Data Sufficiency

BTGmoderatorLU wrote:Source: GMAT Prep

If \(n\) is a positive integer and \(r\) is the remainder when \((n-1)(n+1)\) is divided by \(24\), what is the value of \(r\)?

1) \(n\) is not divisible by \(2\).
2) \(n\) is not divisible by \(3\).

The OA is C

Let's take each statement one by one.

1) \(n\) is not divisible by \(2\).

Case 1: Say n = 1

\((n-1)(n+1)\) = 0. We see that 0 divided by 24 leaves a remainder 0. Thus, r = 0.

Case 1: Say n = 3

\((n-1)(n+1)\) = 2*4 = 8. We see that 8 divided by 24 leaves a remainder 8. Thus, r = 8.

No unique answer. Insufficient.

2) \(n\) is not divisible by \(3\).

Case 1: Say n = 1

\((n-1)(n+1)\) = 0. We see that 0 divided by 24 leaves a remainder 0. Thus, r = 0.

Case 1: Say n = 2

\((n-1)(n+1)\) = 1*3 = 3. We see that 3 divided by 24 leaves a remainder 3. Thus, r = 3.

No unique answer. Insufficient.

(1) and (2) together

From (1) and (2), we have n = 1, 5, 7, 11, and other prime numbers

Case 1: Say n = 1

\((n-1)(n+1)\) = 0. We see that 0 divided by 24 leaves a remainder 0. Thus, r = 0.

Case 2: Say n = 5

\((n-1)(n+1)\) = 4*6. We see that 24 divided by 24 leaves a remainder 0. Thus, r = 0.

Case 3: Say n = 7

\((n-1)(n+1)\) = 6*8. We see that 48 divided by 24 leaves a remainder 0. Thus, r = 0.

Case 4: Say n = 11

\((n-1)(n+1)\) = 10*12. We see that 120 divided by 24 leaves a remainder 0. Thus, r = 0.

So, in each case, we get the remainder 0. Sufficient.

The correct answer: C

Hope this helps!

-Jay
_________________
Manhattan Review GMAT Prep

Locations: Manhattan GMAT Classes | GMAT Prep Courses Dubai | LSAT Prep Courses Hong Kong | Singapore SAT Prep Classes | and many more...

Schedule your free consultation with an experienced GMAT Prep Advisor! Click here.

n-1, n and n+1 are three consecutive integers. If, as Statement 1 tells us, n is odd, then n-1 and n+1 are both even -- in fact, they are consecutive even numbers. If you take any two consecutive even integers, one of them will always be a multiple of 4, so Statement 1 guarantees that (n-1)(n+1) is divisible by 2*4 = 8. That's not sufficient alone; perhaps one of them is divisible by 3, and (n-1)(n+1) is divisible by 8*3 = 24, and the remainder will be 0 when we divide by 24, or perhaps neither factor is divisible by 3, and we have a nonzero remainder.

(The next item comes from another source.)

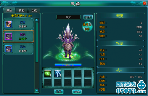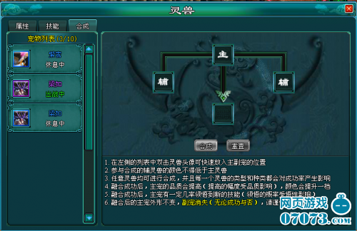 合成:合成功能通过消耗辅灵兽的方式以提升主灵兽的品质

From Statement 2, if n is not divisible by 3, then one of n-1 or n+1 must be, since you always find exactly one multiple of 3 among any three consecutive integers. Statement 2 is not sufficient alone, just as Statement 1 was not, but if we use both statements, we know from Statement 1 that (n-1)(n+1) is divisible by 8, and from Statement 2 that it is divisible by 3, so using both Statements (n-1)(n+1) is divisible by 3*8 = 24, and the remainder must be zero when we divide it by 24. So the answer is C.